# [Try it]
In the entries below, begin at the line that has "Gráfico conceptual del Programa de la Materia" and stop after the line that has "Het striepen (streupen) van de stokken"; output those lines exactly, leaving out pictures.

Supplied data below:

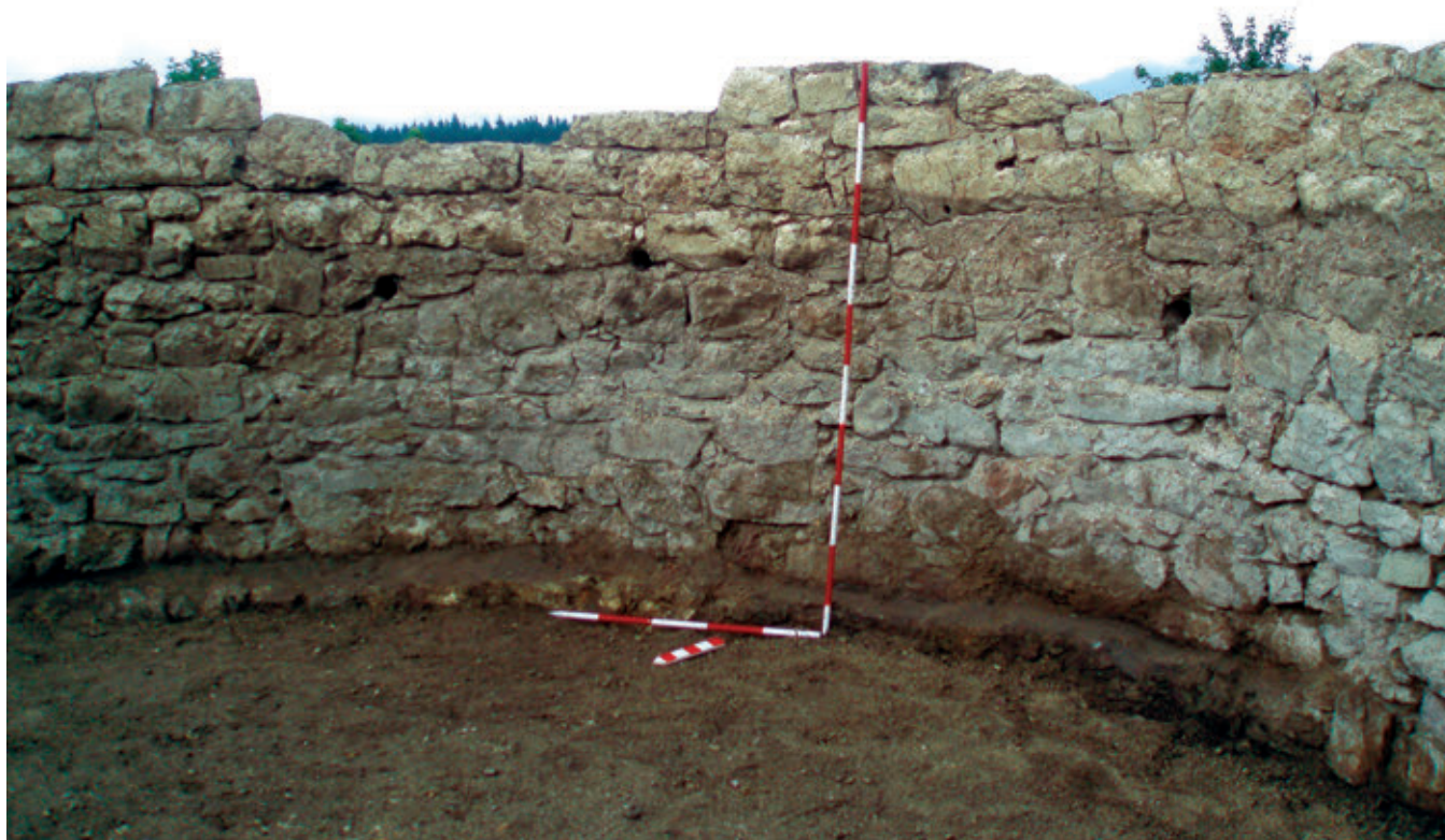
SL. 8. STRUKTURA UNUTARNJEG LICA KULE

analogijama u Hrvatskoj, zasigurno je bila visoka, i prema starijim historiografima „na tri kata“. Ulaz se nalazio na prvom katu, okrenut sjeveru. Za olakšani pristup u kulu, služio je i masivni podzid s kojeg se pružala drvena konstrukcija stepeništa, koju se u slučaju opasnosti moglo lako ukloniti.
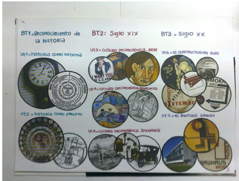
Gráfico conceptual del Programa de la Materia

En las prácticas del año, en los siguientes dos trimestres, el alumno aborda con la misma metodología los otros dos bloques temáticos de la cultura material del siglo XIX y de las primeras tres décadas del siglo XX. Allí analiza antecedentes de objetos industriales y artesanales del siglo XIX y posteriormente, objetos de diseño de las escuelas alemana (Bauhaus) y rusa (Vkhutemas) en su contexto.
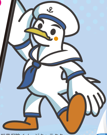
船員保険イメージキャラクター かもめっせ
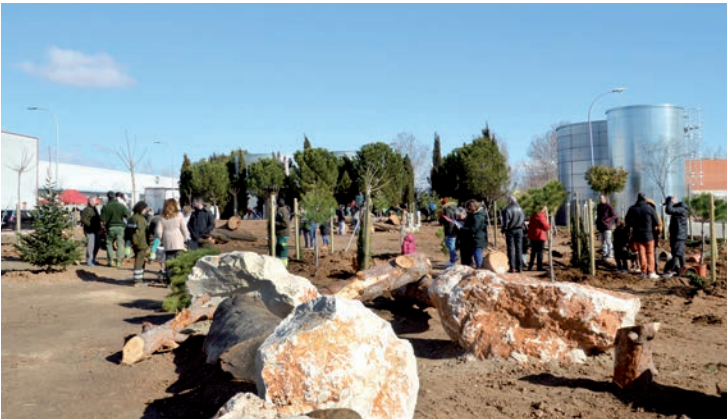
Vista general de la plantación del 28 de enero en la avenida de la Industria
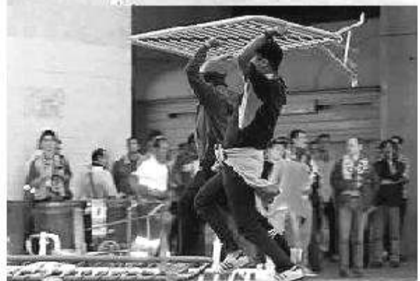
S P A I N
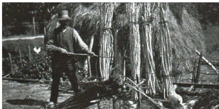
Het striepen (streupen) van de stokken

Als "grondstof" voor de hoepels werd griendhout (teenhout) gebruikt want het drassige Maas en Waalse land van toen was uitermate geschikt voor de teelt hiervan. Rond 1900 waren er in de gehele Gemeente Wamel 77 HA in gebruik voor de teelt van griendhout. Het hout dat gebruikt werd voor hoepels, werd nadat het van schors was ontdaan (bandstrieppen) gekloofd in twee of drie delen.
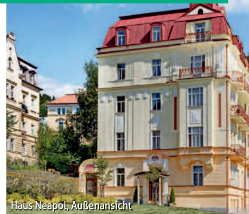
Haus Neapol, Außenansicht
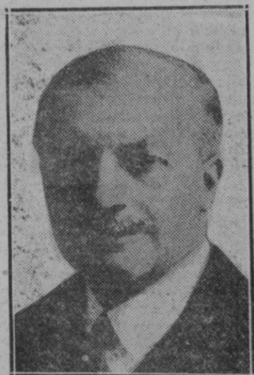
M. Maginot "Candidato a la Presidencia de la República francesa"

del precio de usura y de deudas y de tributos y de depreciación de moneda a que pagan las liberalidades de la política madrileña. Romper el cerco de los financieros y ahuyentarnos de España es una obra nacional. Será preciso para poder consumir que cada región se persuada de que su deber y su responsabilidad están en no mendigar mas al Estado y en bastarse cada una a sí misma, poniendo en el esfuerzo propio la creación de su propia personalidad.

End of Supplied data.

# [Written response]
Gráfico conceptual del Programa de la Materia

En las prácticas del año, en los siguientes dos trimestres, el alumno aborda con la misma metodología los otros dos bloques temáticos de la cultura material del siglo XIX y de las primeras tres décadas del siglo XX. Allí analiza antecedentes de objetos industriales y artesanales del siglo XIX y posteriormente, objetos de diseño de las escuelas alemana (Bauhaus) y rusa (Vkhutemas) en su contexto.
船員保険イメージキャラクター かもめっせ
Vista general de la plantación del 28 de enero en la avenida de la Industria
S P A I N
Het striepen (streupen) van de stokken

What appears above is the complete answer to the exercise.